──────── Data records

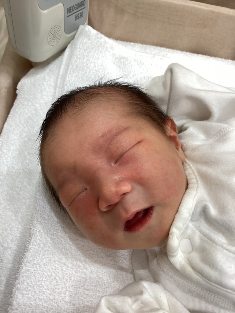 分娩台乗る時も、乗ってからもとっても頑張りました。ママの呼吸法が上手だったおかげで、赤ちゃんも元気でした。パパのサポートも心強かったですね。満開の桜とともに、新生活親子3人で楽しんで下さい。ご出産おめでとうございます。
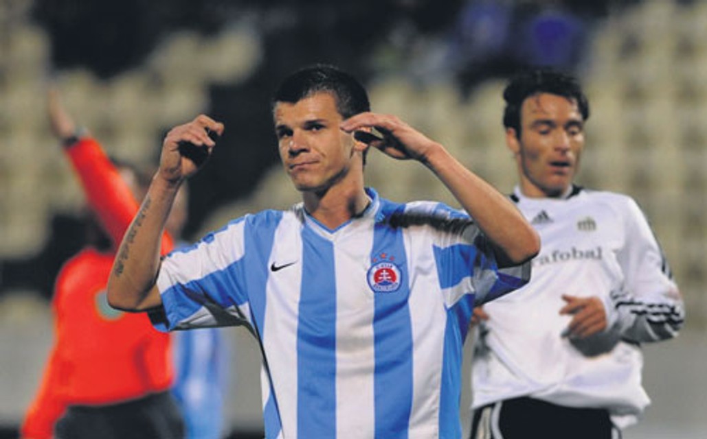 Hosťujúci Juraj Halenár neskrýval po derby s Petržalkou sklamanie, domáci Juraj Czinege (vzadu) mohol byť naopak spokojný. Slovan remizoval s Artmediou 1:1 a chystá sa na šláger so Žilinou.
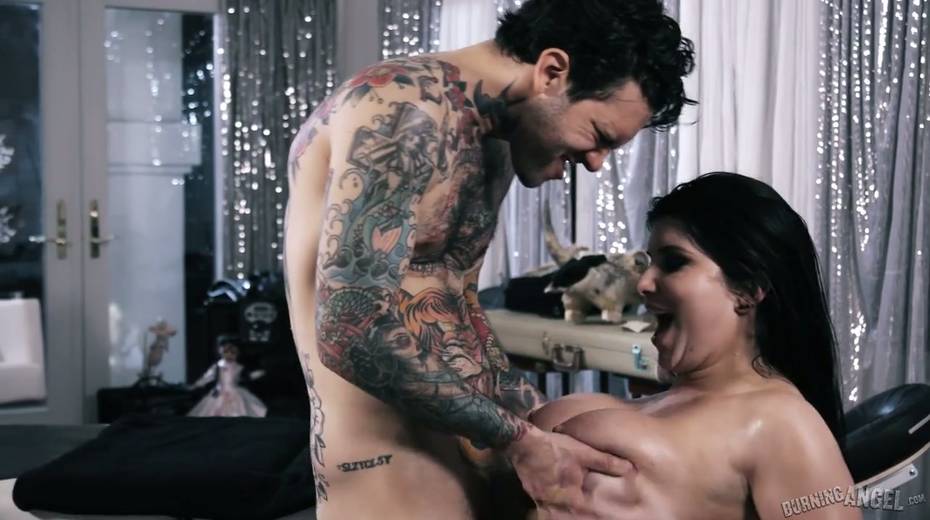 Ample breasted hooker Romi Rain is fucked by hot blooded tattooed jerk
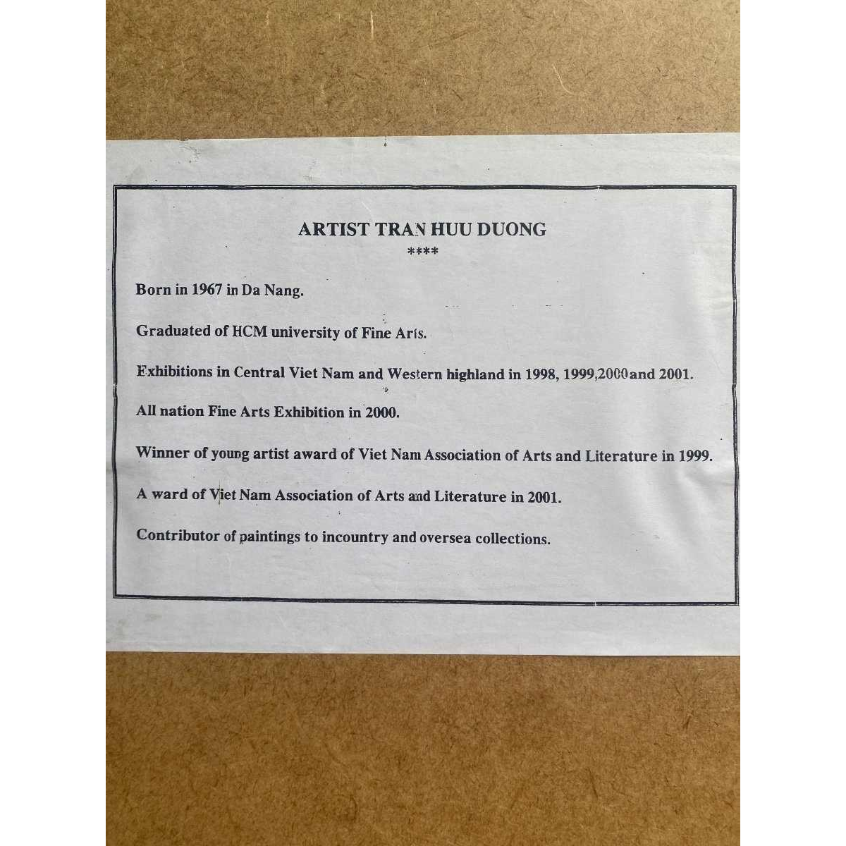 Schilderij van de Vietnamese kunstenaar Tran Huu Duong. Afgestudeerd aan de HCM University of Fine Arts. Prijswinnaar van de Vietnamese vereniging voor kunst en literatuur.
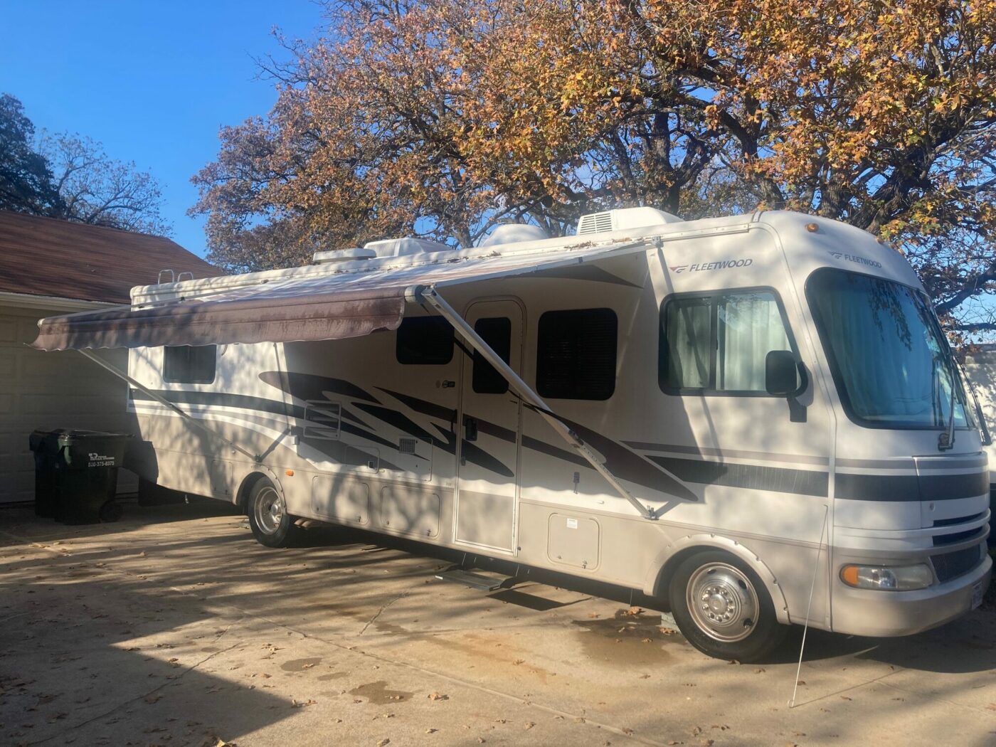 2005 Fleetwood Fiesta 32S, Living Room Slide-Out with Sofa Sleeper and Dinette, Sleeps 6, 2 ACs, 8.1L Workhorse, 54200 miles, new refrigerator, new hydraulic park brake system, new dash AC compressor, new awning, 4 point Hydraulic Levelers, 32′ 11″ long, 5.5 kW Onan Generator, In-Motion Satellite, Manual Satellite Dish, Winegard Carryout Portable Satellite Antenna, TV Antenna, 30 AMP Service. VIN 5B4LP57GX43394089
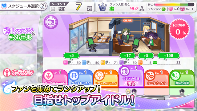试镜共有三种。建议大家别参加难度最低的一个。这是因为每一次试镜都会导致一周时间过去,而每次升级期限却只有短短八周。难度最低的一个获取的粉丝数极少,要挑战约4-5次左右才能获取升级要求的粉丝数。反而,难度第二的只需要进行2次,最高难度的只需要1次。故此不建议挑战最低难度的试镜,宁可把时间用作训练偶像上。
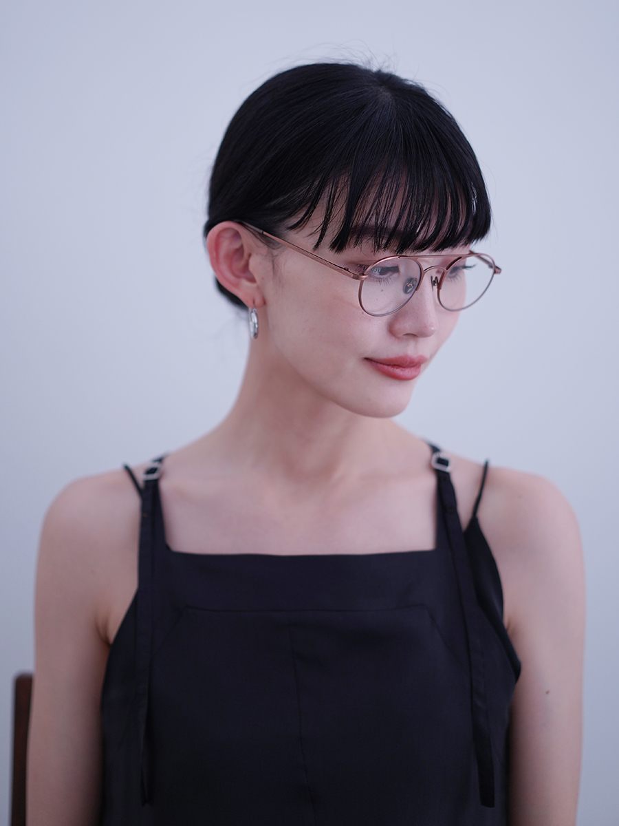 丸みがありつつも上の部分が台形を描いているタイプで、メタルのリムが細くデザインされているて、非常に付けやすいモデルかと思います。
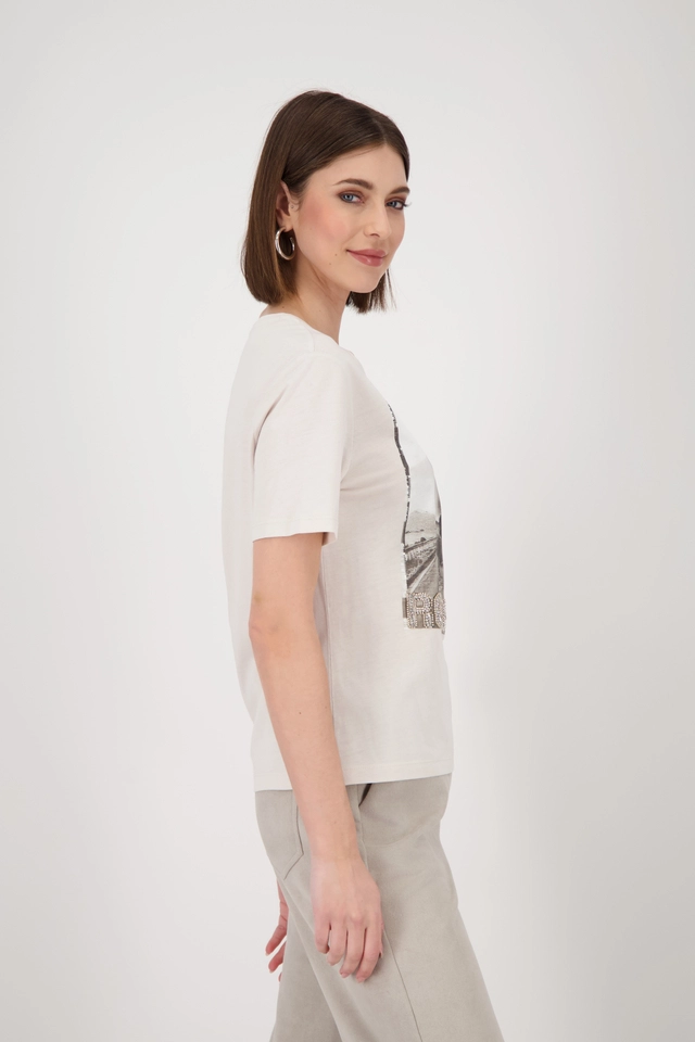 Trendové tričko s unikátnou fotografickou potlačou „road trip“, ozdobené trblietavými kamienkami.
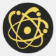 Asymmetrical atom symbol, black or yellow graphic, t-shirts, hoodies, buttons, stickers, cards, gifts.
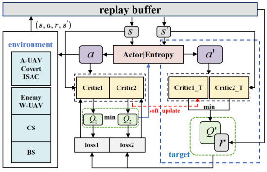In this paper, we address environmental uncertainty by employing a policy-based, model-free DRL approach known as SAC. This off-policy actor-critic algorithm is particularly suitable for scenarios involving continuous action spaces [25]. We have tailored the SAC algorithm to handle charging scenarios and covert communication, referred to as SAC-CC. The goal is to optimize the A-UAV’s trajectory and bandwidth allocation between sensing and communications, while adhering to constraints such as covertness, energy limitations, and maximum propulsion power to maximize the CCTR.
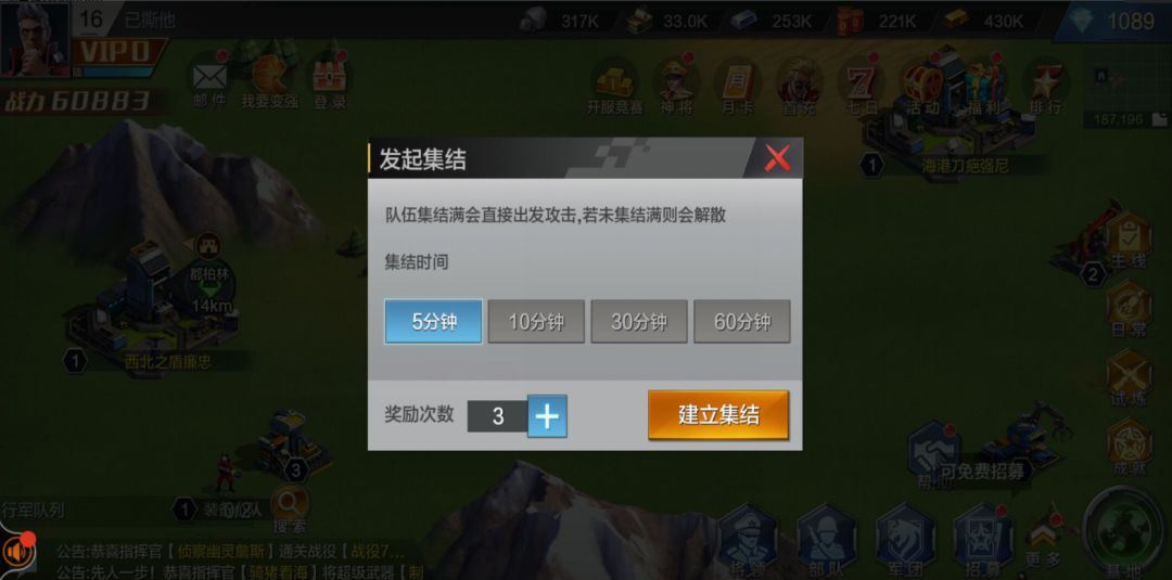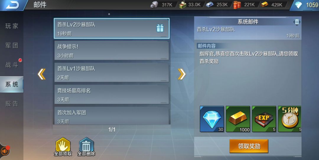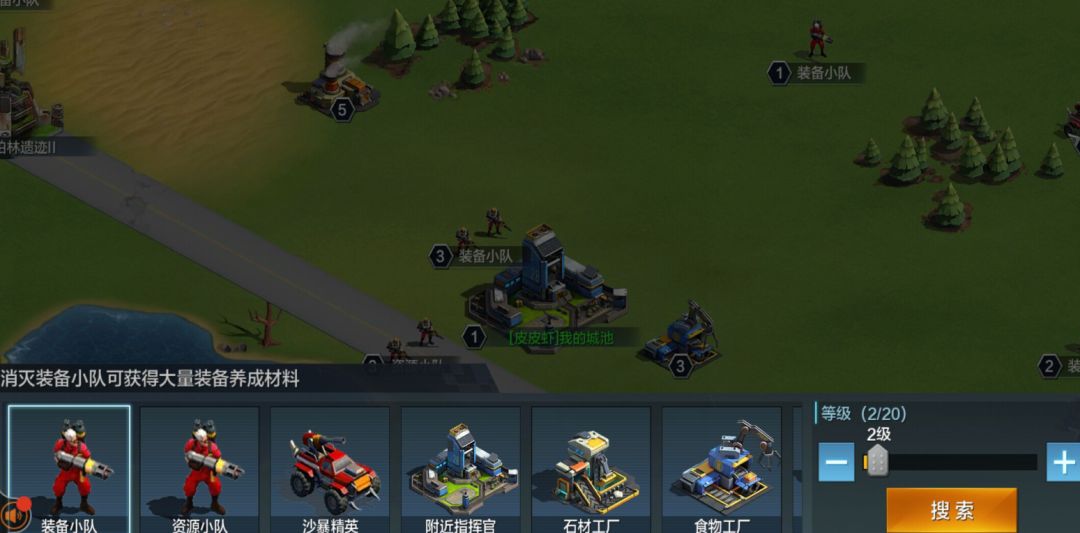 指挥官可派遣部队出征攻打,在战胜沙暴小队后,可获得丰富的城建材料和装备材料。指挥官可以在搜索界面,选择对应沙暴小队等级,随着的等级提高,击败它们后指挥官获得的奖励越丰厚。
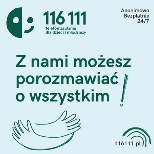 116 111 to bezpłatny, ogólnopolski telefon zaufania dla dzieci i młodzieży prowadzony przez Fundację Dajemy Dzieciom Siłę
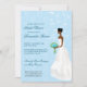 Uma noiva caminha serenamente pelo corredor neste adorável chá de panela. Ela encara o texto personalizado na frente e caminhou pela página ao contrário. O fundo é um bonito padrão azul úmido sobreposto com videiras florais inchadas, enquanto o buquê e os brincos da noiva correspondem ao azul. Disponível em cores alternativas com produtos e opções correspondentes para diferentes etnias de noivas.
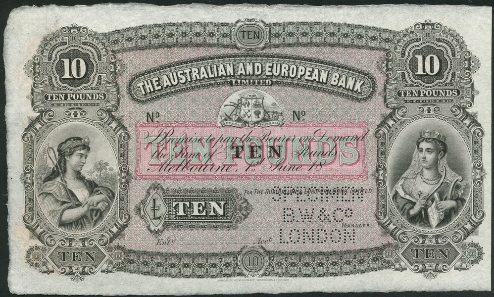 (†) The Australian and European Bank Limited, specimen, £10, Melbourne, 1 June 18-, black on grey, pink and green, arms at upper centre, shepherdess at left, turreted maiden at right, value at top left and right, reverse lilac, blue and orange, value in ornate guilloches, perforated SPECIMEN BW & Co LONDON
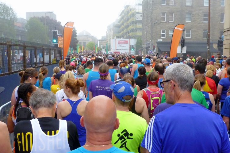 Am Samstag, dem Vortag des Marathons, steht u.a. zunächst der Zehner an, an dem sich meine bekanntermaßen deutlich bessere Hälfte erfolgreich versucht. Beim Lauf rund um den Hausberg Arthurs' Seat gibt’s eitel Grund zur Freude, denn mehrere hundert Läufer gelingt es ihr gnadenlos zu versägen. Neben div. Kinderläufen locken noch ein Fünfer, und morgen ein Halbmarathon sowie eine Marathonstaffel zu viert. Am Sonntag wird es wieder mal ernst: It’s Marathon time! Mir gefällt die heutige Aufgabe beim nach London (allerdings mit großem Abstand) teilnehmerstärksten Lauf über 42,195 km in Großbritannien. Sind die ersten drei Meilen noch im Städtischen zu nehmen, haben wir nach zwei weiteren die See erreicht, die wir auf dem restlichen Weg grundsätzlich nicht mehr verlassen werden. Nach zwölf weiteren Meilen und einer kleinen Schleife geht es auf dem gleichen Weg zurück, bis im Städtchen Musselburgh das Ziel erreicht ist. Mit dem Bus wird man uns dann an den Start zurückbringen.
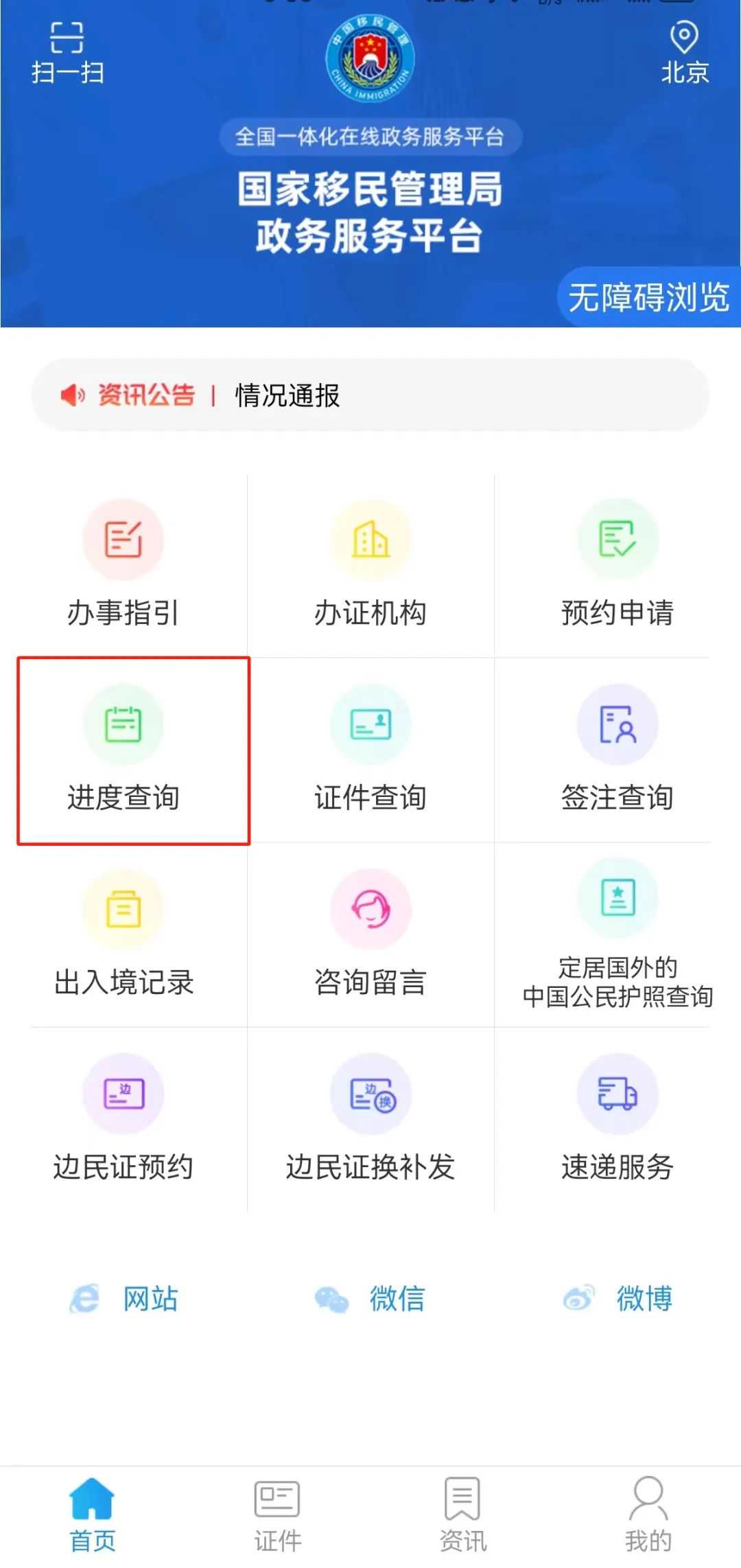 您可通过“移民局”App、“国家移民管理局政务服务平台”网站、12367服务热线、“移民局”小程序(微信、支付宝)、办证地公安出入境管理部门官方微信公众号等渠道,在线查询本人在境内公安出入境管理部门申办的普通护照、往来港澳通行证、往来台湾通行证、赴港澳台签注等证件办理进度。
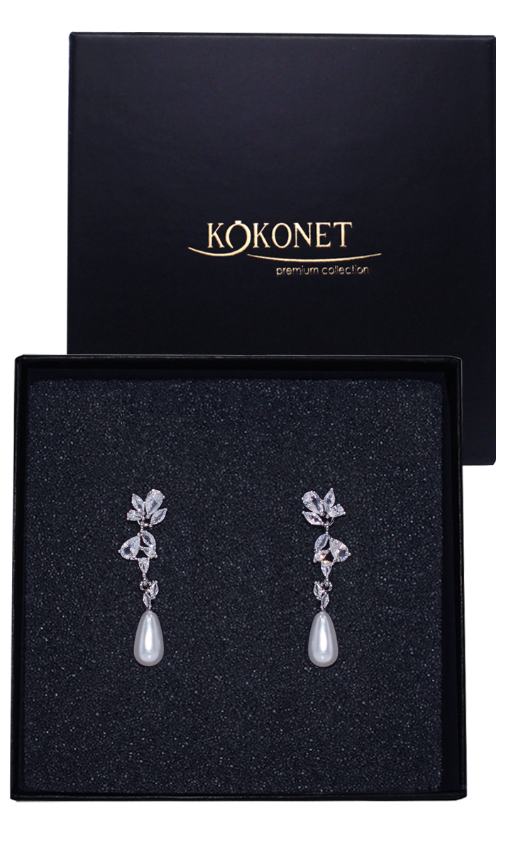 Kolczyki ślubne z wiszącą perłą srebrne na sztyft ślub rodowane błyszczące GLAM

────────────────

In the answer, repeat exactly the lines from the top of the entries above through the line with "Ample breasted hooker", and leave pictures out of it.

Written response:
 分娩台乗る時も、乗ってからもとっても頑張りました。ママの呼吸法が上手だったおかげで、赤ちゃんも元気でした。パパのサポートも心強かったですね。満開の桜とともに、新生活親子3人で楽しんで下さい。ご出産おめでとうございます。
 Hosťujúci Juraj Halenár neskrýval po derby s Petržalkou sklamanie, domáci Juraj Czinege (vzadu) mohol byť naopak spokojný. Slovan remizoval s Artmediou 1:1 a chystá sa na šláger so Žilinou.
 Ample breasted hooker Romi Rain is fucked by hot blooded tattooed jerk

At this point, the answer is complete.